• **Exercise aim**: Each line of the listing where "from" appears should be reported.

• **Data extracts**:
######

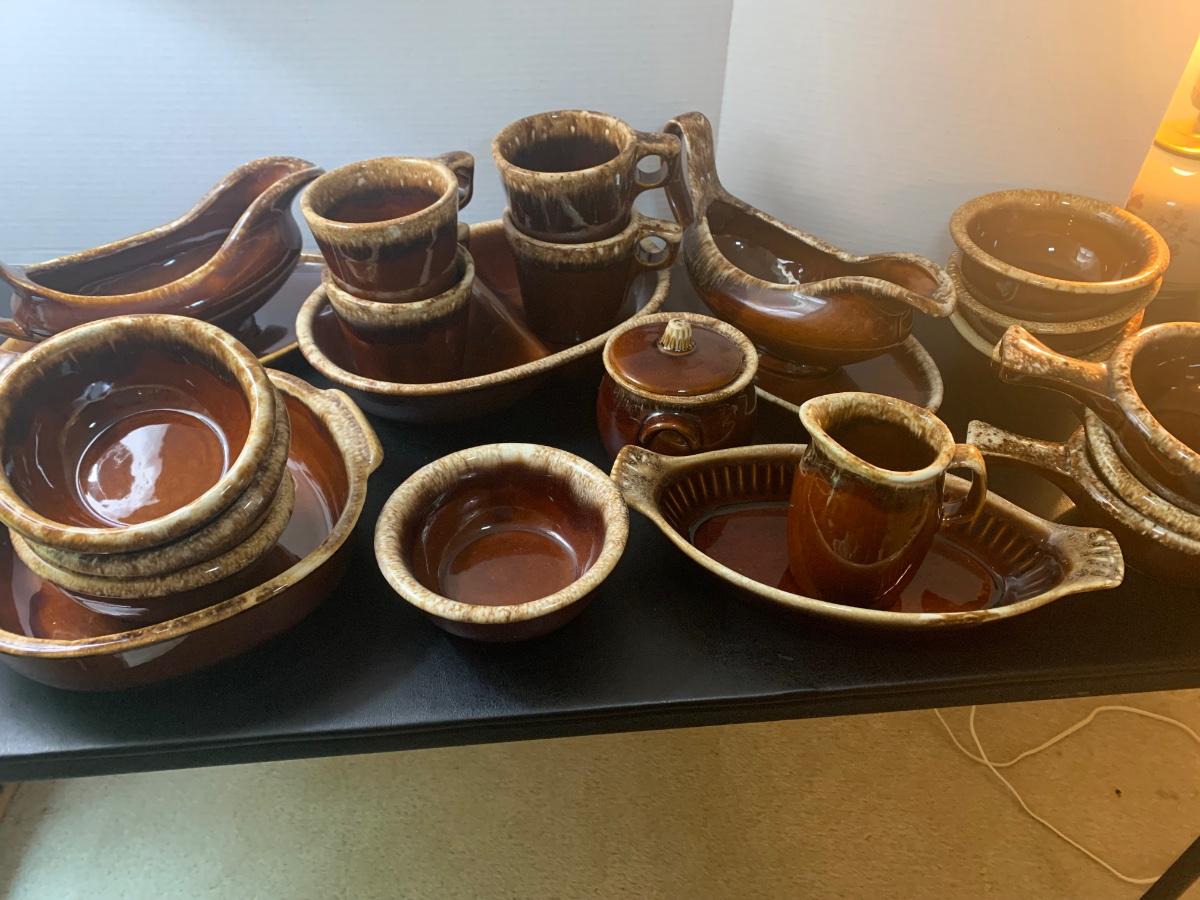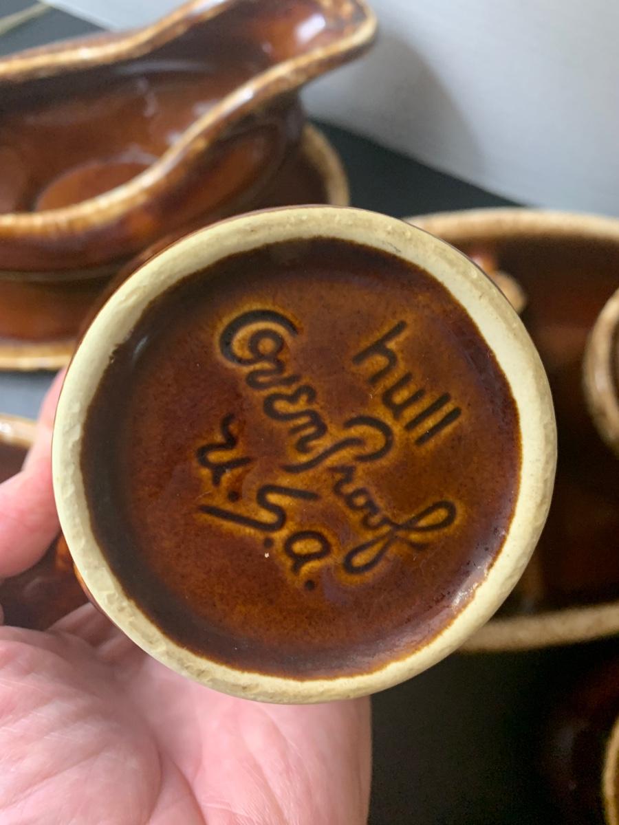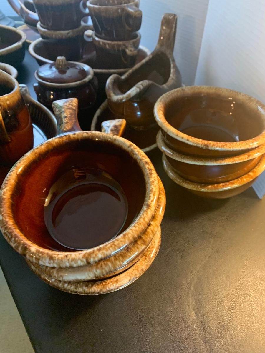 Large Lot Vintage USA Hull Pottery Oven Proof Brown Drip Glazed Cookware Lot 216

######

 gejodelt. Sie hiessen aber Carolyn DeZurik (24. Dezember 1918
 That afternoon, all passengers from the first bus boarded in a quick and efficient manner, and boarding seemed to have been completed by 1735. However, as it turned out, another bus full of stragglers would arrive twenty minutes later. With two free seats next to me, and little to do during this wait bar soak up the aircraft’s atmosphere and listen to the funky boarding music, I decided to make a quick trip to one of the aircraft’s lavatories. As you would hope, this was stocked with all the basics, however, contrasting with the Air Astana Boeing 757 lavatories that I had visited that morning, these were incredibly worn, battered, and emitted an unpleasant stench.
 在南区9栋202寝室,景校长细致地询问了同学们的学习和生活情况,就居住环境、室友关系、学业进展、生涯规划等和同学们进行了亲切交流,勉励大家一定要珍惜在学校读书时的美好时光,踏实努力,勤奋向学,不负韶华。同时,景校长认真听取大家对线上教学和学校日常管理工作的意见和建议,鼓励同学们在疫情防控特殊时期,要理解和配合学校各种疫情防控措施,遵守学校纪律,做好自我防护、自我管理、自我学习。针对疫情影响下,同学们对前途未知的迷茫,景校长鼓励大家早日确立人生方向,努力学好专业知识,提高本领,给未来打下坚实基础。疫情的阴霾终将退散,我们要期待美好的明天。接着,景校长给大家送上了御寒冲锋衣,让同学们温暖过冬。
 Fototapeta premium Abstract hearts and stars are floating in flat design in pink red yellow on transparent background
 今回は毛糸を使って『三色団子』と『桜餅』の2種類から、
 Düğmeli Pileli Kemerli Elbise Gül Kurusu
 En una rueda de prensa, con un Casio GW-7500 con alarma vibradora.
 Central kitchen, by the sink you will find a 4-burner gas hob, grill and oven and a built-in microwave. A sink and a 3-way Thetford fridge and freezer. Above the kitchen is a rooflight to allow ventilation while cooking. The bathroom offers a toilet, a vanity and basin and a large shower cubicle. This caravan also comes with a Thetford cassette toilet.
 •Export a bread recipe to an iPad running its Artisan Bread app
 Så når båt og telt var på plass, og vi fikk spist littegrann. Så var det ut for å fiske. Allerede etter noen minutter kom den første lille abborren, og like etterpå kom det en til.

######

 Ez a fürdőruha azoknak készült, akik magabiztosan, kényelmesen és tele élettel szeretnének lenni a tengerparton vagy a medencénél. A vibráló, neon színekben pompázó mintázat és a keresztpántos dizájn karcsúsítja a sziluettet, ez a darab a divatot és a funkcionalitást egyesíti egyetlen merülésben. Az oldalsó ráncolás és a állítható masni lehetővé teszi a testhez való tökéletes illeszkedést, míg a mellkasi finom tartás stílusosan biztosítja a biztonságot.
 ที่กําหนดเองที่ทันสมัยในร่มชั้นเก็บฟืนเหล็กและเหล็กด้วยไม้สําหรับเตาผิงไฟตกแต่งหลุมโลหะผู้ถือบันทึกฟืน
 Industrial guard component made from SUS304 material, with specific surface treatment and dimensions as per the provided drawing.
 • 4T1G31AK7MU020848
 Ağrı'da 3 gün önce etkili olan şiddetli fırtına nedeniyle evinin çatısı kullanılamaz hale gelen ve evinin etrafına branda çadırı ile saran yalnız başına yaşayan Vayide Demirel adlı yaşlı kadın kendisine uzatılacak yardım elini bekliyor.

######

• **Solution to this problem**:
 That afternoon, all passengers from the first bus boarded in a quick and efficient manner, and boarding seemed to have been completed by 1735. However, as it turned out, another bus full of stragglers would arrive twenty minutes later. With two free seats next to me, and little to do during this wait bar soak up the aircraft’s atmosphere and listen to the funky boarding music, I decided to make a quick trip to one of the aircraft’s lavatories. As you would hope, this was stocked with all the basics, however, contrasting with the Air Astana Boeing 757 lavatories that I had visited that morning, these were incredibly worn, battered, and emitted an unpleasant stench.
 Industrial guard component made from SUS304 material, with specific surface treatment and dimensions as per the provided drawing.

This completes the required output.